Her phone started to buzz in her pocket, and she rushed to answer it. Seeing that it was Tom that was ringing her, she got a faint feeling of wishing that she hadn’t.

“Hello?”

“And one more thing,-” 

Molly heaved a sigh. “For fuck’s sake, Tom. Are you really still in a strop with me about last night?”

“All I’m saying, is that if you weren’t so flirty with him, he wouldn’t get the wrong idea!”

That’s the entire problem, she wanted to say, that he had the wrong idea about her, but got the right one from her. If that made any sense in the slightest.

“I can’t believe this.” Toby hopped up onto a kitchen island stool, staring at her intently like a bestfriend watching her bestfriend argue with her boyfriend. Not far off. “I can’t believe you’re blaming me for him breaking into my flat!”

“You gave him a copy of your keys, and you never told me that you had.” 

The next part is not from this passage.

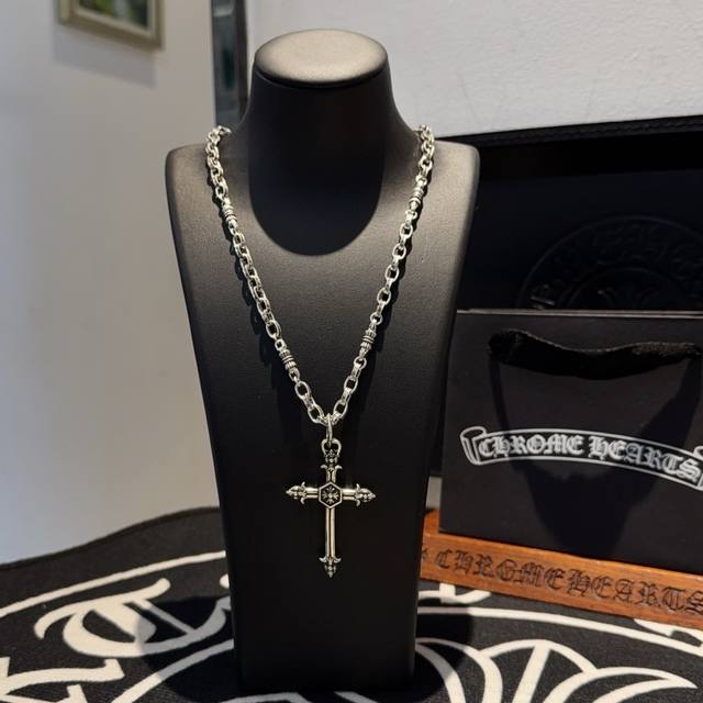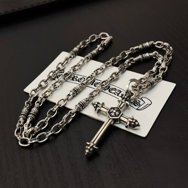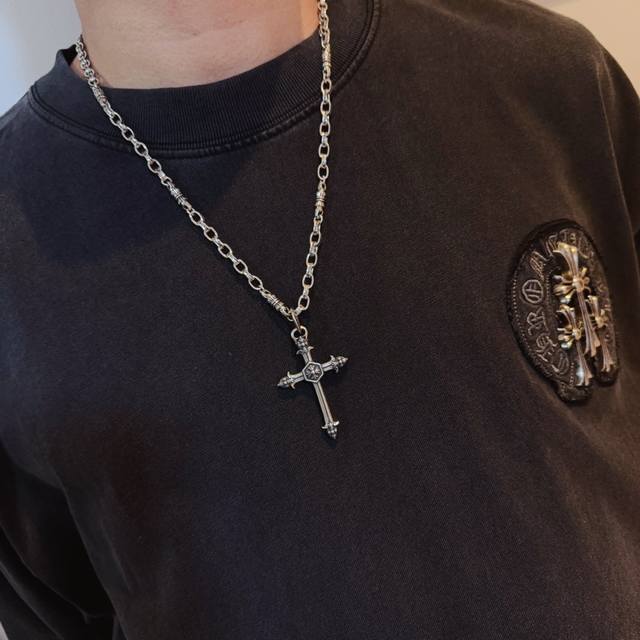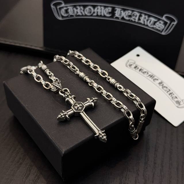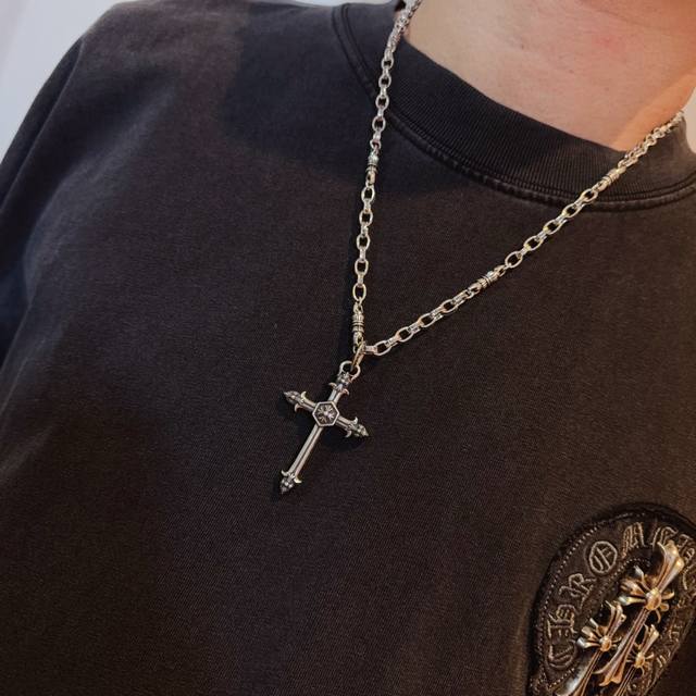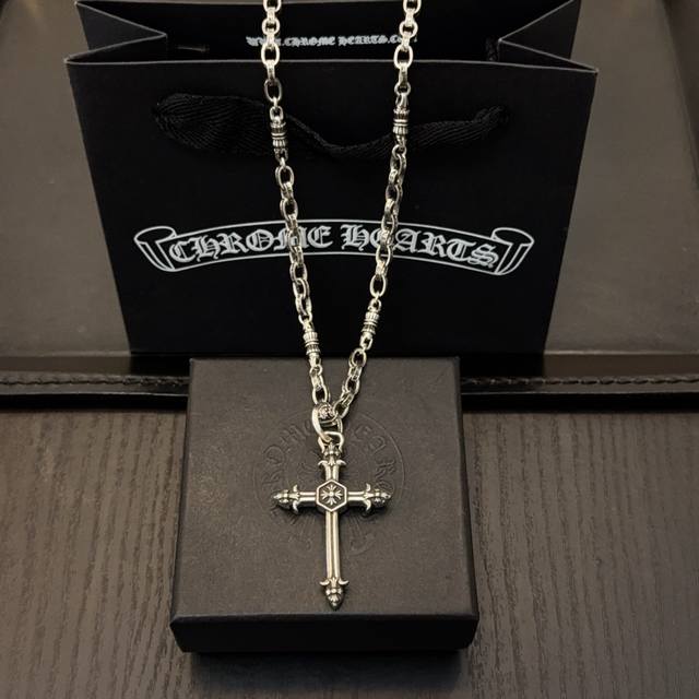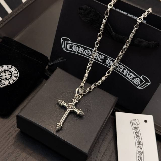 New boutique quality Chrome Hearts classic necklace with cross pendant. The embossed design and different patterns create a unique look. The cross and scout flower are Chrome Hearts' signature elements, making it timeless. Authentic Chrome Hearts replica, different from ordinary versions on the market. High-quality replica, check the details of the lettering and the vintage distressed finish. Exquisite craftsmanship! Handmade! Authentic mold, trendy and fashionable, suitable for both men and women, couples, official website original, rock punk Thai silver style, retro elements, trendy and versatile!

“Oh, I am _terribly_ sorry,” Molly wedges her phone between her shoulder and the side of her face as she starts to unpack the shopping. “But I didn’t know you existed when I did that. Should I go over everything I ever did before I met you, in case you disapprove of them? Alright, when I was three, I frolicked naked in my neighbour’s garden with their dog and their daughter. Please Tom, forgive me for being such a slut!”

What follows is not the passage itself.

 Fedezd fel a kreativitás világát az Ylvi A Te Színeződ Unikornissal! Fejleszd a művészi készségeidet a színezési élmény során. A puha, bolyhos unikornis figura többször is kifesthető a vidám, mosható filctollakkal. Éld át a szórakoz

“You know what I mean, Molly!” Toby meows loudly as she gets out the cat food, and cracks the tin open.

“Unfortunately, yeah.” She walked over to where she kept his food bowl.

“What am I supposed to do, when I find out about all this emotional baggage?”

She paused. “Sherlock Holmes is not emotional baggage.” No, more like an emotional shipping container. “He’s a friend. You know he’s weird, Tom, what do you expect?”

“How do I know you’re not cheating on me with him?”

Molly couldn’t contain a snort of laughter. “Trust me, you’d know.”

Silence. “What’s _that_ supposed to mean?!”

“Look, if you’re that threatened by his raging testosterone levels around my girlish weakness, why not ask him yourself?” She smirked. “I’ve got his number, if you want to call him. His address, too, if you feel like hashing it out with fisticuffs at dawn like real men.”

Another bout of silence, and Molly knew she had won. “M-maybe I will.”

She had to pinch her nose to stop a giggle. “Alright, tough guy. Tom, I understand why you might be angry if it were any other bloke, but this is Sherlock we’re talking about. He’s either asexual or celibate, or both.” Either that, or he just can’t stand the thought of being with you. “He wouldn’t touch me with a six-foot pole wearing a chastity belt and scuba diving goggles underneath a welding mask. I don’t want to fight because you won’t accept him for what he is.”

“I just…” A sigh. Melodramatic prick. “Still, you just don’t know what he’s capable of. You’re giving him too much credit.”

“You’re not giving him enough. Trust me, he’s golden. Or, at least…” Molly’s voice trailed off, as she came to the epiphany that she didn’t really know Sherlock that well at all. Sure, she knew what he did for a living, what he liked to talk about (nothing – silence was a preference), and how he liked his tea and coffee, but what school he went to? His actual thoughts and feelings? What went on in that beautiful brain of his? Could she even begin to comprehend what it did to him, even if he told her? She knew that people like him weren’t made for people like her, though. They weren’t made for human consumption to begin with.

“Molly? Still there?”

She blinked, zoning back in. “Er, yeah, sorry.”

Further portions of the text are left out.